US President Joe Biden, a proud Irish-American, arrived in Dublin on Thursday for a three-day tour of Ireland, where he met the country’s president and prime minister before delivering an address to parliament and a banquet at Dublin Castle.
Biden’s focus on one of his longest foreign trips as president shifted to celebrating his heritage from peace in Northern Ireland, where he urged political leaders to restore their power-sharing government with the promise of significant US investment on Wednesday.
Later, he took a lighter trip to Louth, Ireland, where his great-great-grandfather Owen Finnegan immigrated to the United States in 1849. On Friday, he will visit relatives from his other side of the family in County Mayo.
When asked how it felt to “be home,” Biden told journalists after meeting Irish President Michael D. Higgins, “It feels great.”
“I know it sounds ridiculous, but there are so many Irish Americans, like my relatives, who came to America in 1844, ’45, and ’46 and have never returned.”
While visiting fellow octogenarian Higgins’ “incredible” home, Biden joked that he did not want to return to Washington. Higgins previously hosted then-Vice President Biden in 2016 and 2017 at Aras an Uachtarain in Dublin’s Phoenix Park.
When signing the visitors’ book, Biden quoted the Irish proverb “Your feet will bring you where your heart is,” and wrote that it was an honor to return to the home of his ancestors to celebrate everything that binds Ireland and the United States.

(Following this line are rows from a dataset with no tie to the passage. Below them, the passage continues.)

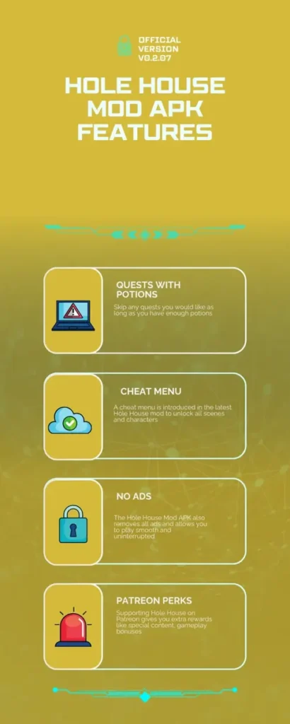 The Hole House APK Mod lets you enjoy the Game without limits. You get access to all images, animations, and extra content for free, and there are no ads, so it’s smooth to play. You can also skip and quest in the Mod version. Mod APKs are made by third-party developers to unlock paid features without spending money. That’s why they’ve become very popular.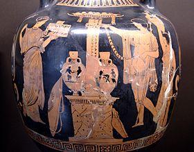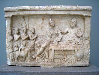 Hero cults were offered most prominently to men, though in practice the experience of the votary was of propitiating a cluster of family figures, which included women who were wives of a hero-husband, mothers of a hero-son (Alcmene and Semele), and daughters of a hero-father.[13] As Finley observed of the world of Odysseus, which he reads as a nostalgic eighth-century rendering of traditions from the culture of Dark Age Greece,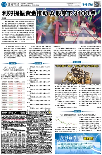 利好提振资金推动 A股拿下3100点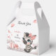 Cute girl baby shower favor box featuring adorable little female zebra wearing a cute pink bow with some love hearts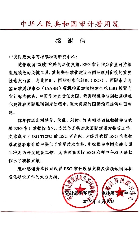 近日,beat365可持续准则研究中心刘轶芳、伏霖、刘倩、许寅硕教授收到了来自中华人民共和国审计署的感谢信,对中心在ESG审计数据标准化及国际规则对接领域的重要贡献给予高度评价,并致以诚挚谢意。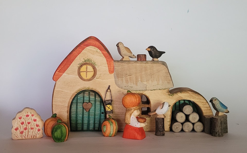 Autumn dwarf mother with pie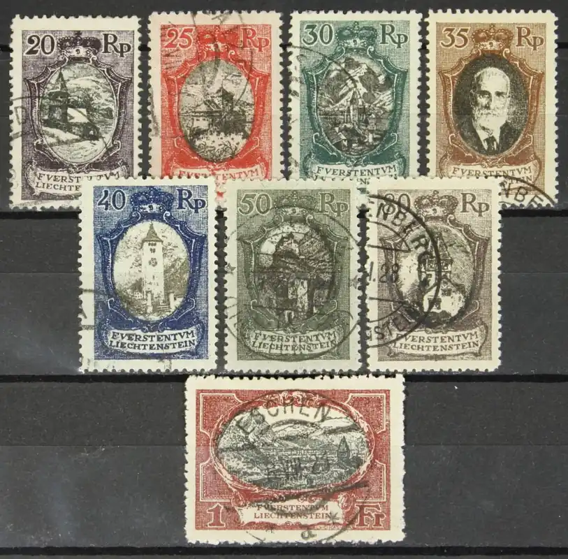 Liechtenstein 1921, Michel 53-60, Landschappen, Gebouwen en Johann II, complete serie, gestempeld / used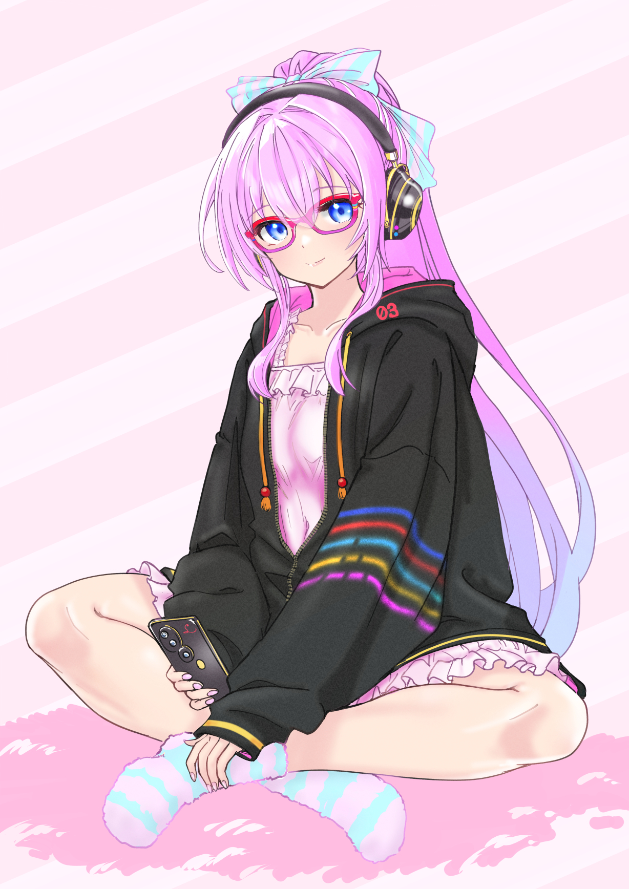 1girlblack hoodieblue eyesclosed mouthcollarbonefull bodyfuzzy clothesglassesgradient hairhair ribbonheadphonesholdingholding phonehoodhood downhoodieindian stylelong hairlong sleeveslooking at viewermulticolored hairno shoesopen clothesopen hoodiephonepink hairpink-framed eyewearribbonsidelockssittingsleeves past wristssmilesockssolostriped clothesstriped socks
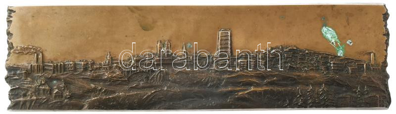 Városkép. Bronz dombormű, patinával, 38x10,5 cm

In addition to planting an oak tree in the presidential garden and watching a demonstration of Gaelic sports after meeting Prime Minister Leo Varadkar, Biden provided plenty of images back home ahead of his planned re-election campaign in 2024.
Biden, who will be accompanied by his son Hunter, sister Valerie, and U.S. Secretary of State Antony Blinken for some of his Dublin engagements, will be the guest of honor at a banquet at St Patrick’s Hall in Dublin Castle on Thursday evening, an honor previously bestowed upon Queen Elizabeth II and U.S. President John F. Kennedy.

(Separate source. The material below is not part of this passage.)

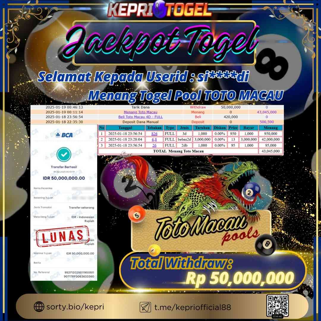 Kepritogel Jackpot Togel Toto Macau Rp50,000,000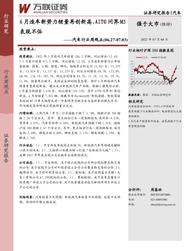【万联证券】【20220704】6月造车新势力销量再创新高,AITO问界M5表现不俗-12页 行业研究

He will become the fourth US president to address a joint session of the Irish parliament, following John F. Kennedy in 1963, Ronald Reagan in 1984, and Bill Clinton in 1995.
On Friday, he returns to County Mayo on Ireland’s west coast to meet relatives from another branch of his family, great-great-great-grandfather Edward Blewitt. To round out his tour, he will pay a visit to the Catholic shrine in Knock and deliver a public address in the town of Ballina.